**TASK DESCRIPTION**
Down to the final line, write out the material beneath exactly, without pictures.

**RAW DATA**

=== Section Start ===

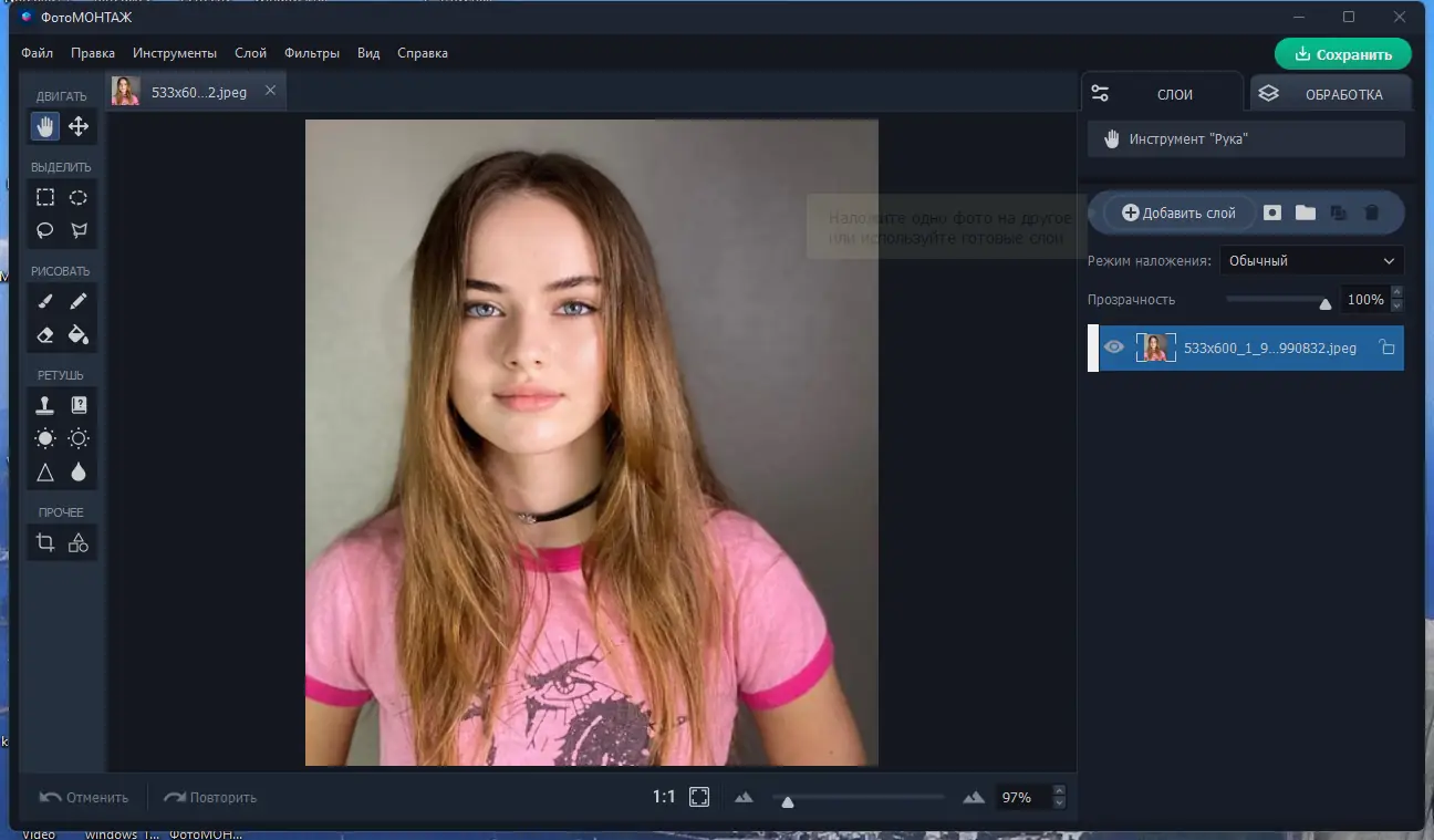 - Работа со слоями — добавлять спецэффекты, создавать коллажи, объединять изображения, использовать маски для редактирования отдельных участков.
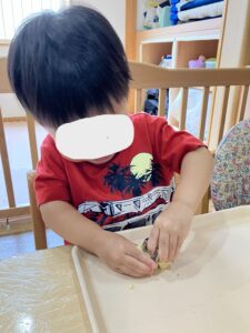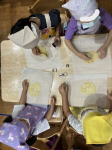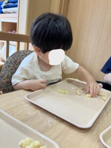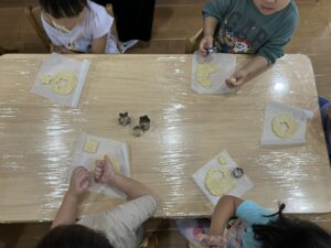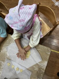 0.1歳児は型抜きを、4.5歳児は生地作り~型抜きまで行いました。□や☆、〇などの好きな形を選び、ぎゅっ!
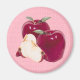 2 Manzanas con 2 rebanadas de manzana en un fondo rojo a cuadros están en este imán. Genial para el amante de la manzana.
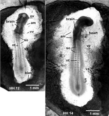 In general, this process of embryonic development in quails is comprised of two phases: inside and outside the breeder. Inside the body of birds, the process begins when the ovum is fertilized in the infundibulum, and then several cell divisions take place. After oviposition, the embryogenic process continues through evolution through the stages of blastula, gastrula, neurula, and organogenesis until the complete formation of the embryo (Persaud & Galef Jr., 2004). Each step of this process was described by Hamburger and Hamilton (1951) in 46 stages.
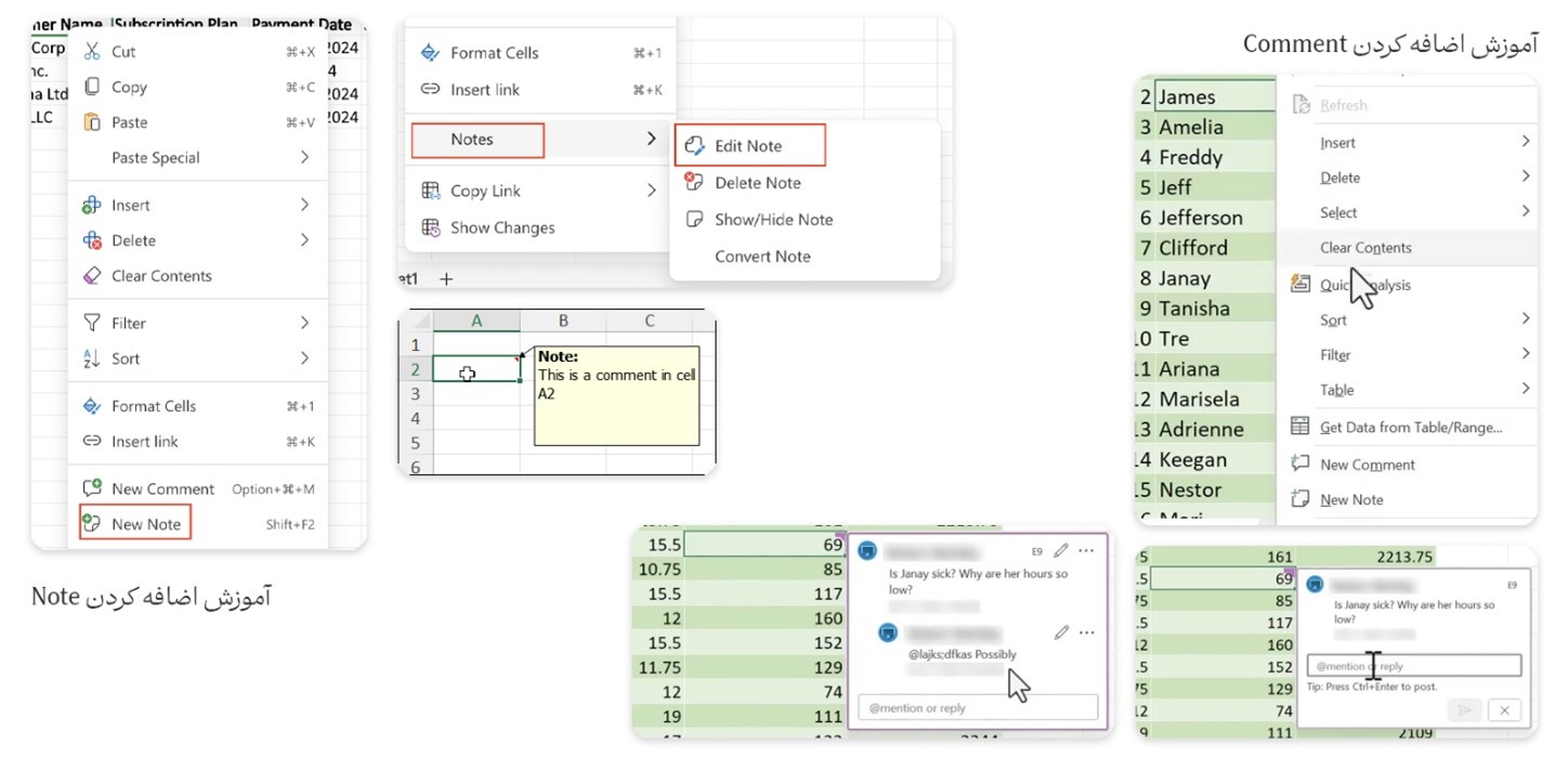 روش های اضافه کردن یادداشت در آموزش اکسل
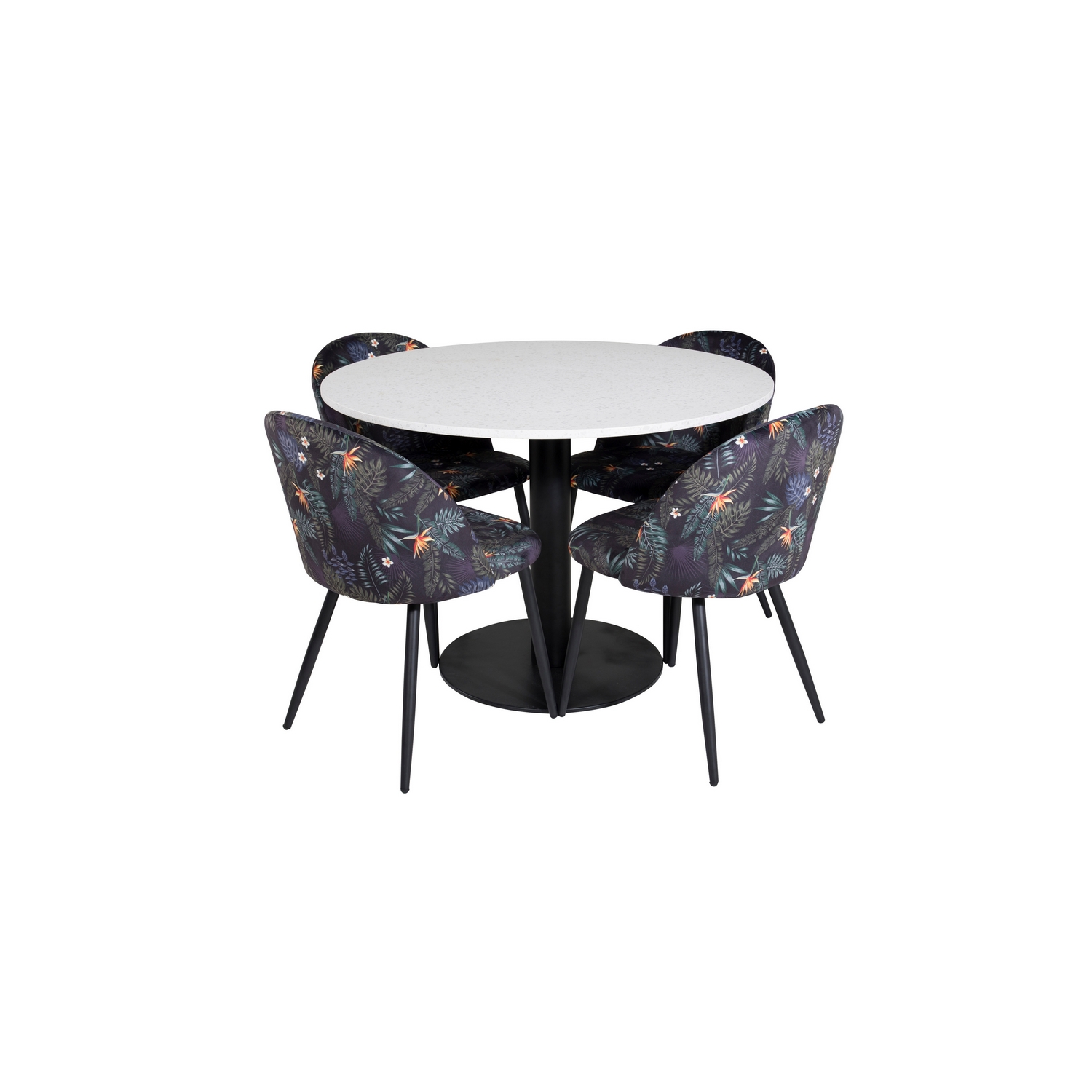 Matgrupp Venture Home Roxanna med 4 Valentina Stolar Polyestertyg Runt är en elegant matgrupp med ett runt matbord i stilren, modern design med trumpetfot i pulverlackad metall och en snygg bordsskiva i grå Terrazzo. Det medföljer fyra matstolar med en helklädd design, ben i svart pulverlackerad metall samt rundad rygg och sits i polyestertyg. Rygg och sits har mjuk stoppning. Lättare montering krävs.

=== Section End ===

**WRITTEN RESPONSE**
 - Работа со слоями — добавлять спецэффекты, создавать коллажи, объединять изображения, использовать маски для редактирования отдельных участков.
 0.1歳児は型抜きを、4.5歳児は生地作り~型抜きまで行いました。□や☆、〇などの好きな形を選び、ぎゅっ!
 2 Manzanas con 2 rebanadas de manzana en un fondo rojo a cuadros están en este imán. Genial para el amante de la manzana.
 In general, this process of embryonic development in quails is comprised of two phases: inside and outside the breeder. Inside the body of birds, the process begins when the ovum is fertilized in the infundibulum, and then several cell divisions take place. After oviposition, the embryogenic process continues through evolution through the stages of blastula, gastrula, neurula, and organogenesis until the complete formation of the embryo (Persaud & Galef Jr., 2004). Each step of this process was described by Hamburger and Hamilton (1951) in 46 stages.
 روش های اضافه کردن یادداشت در آموزش اکسل
 Matgrupp Venture Home Roxanna med 4 Valentina Stolar Polyestertyg Runt är en elegant matgrupp med ett runt matbord i stilren, modern design med trumpetfot i pulverlackad metall och en snygg bordsskiva i grå Terrazzo. Det medföljer fyra matstolar med en helklädd design, ben i svart pulverlackerad metall samt rundad rygg och sits i polyestertyg. Rygg och sits har mjuk stoppning. Lättare montering krävs.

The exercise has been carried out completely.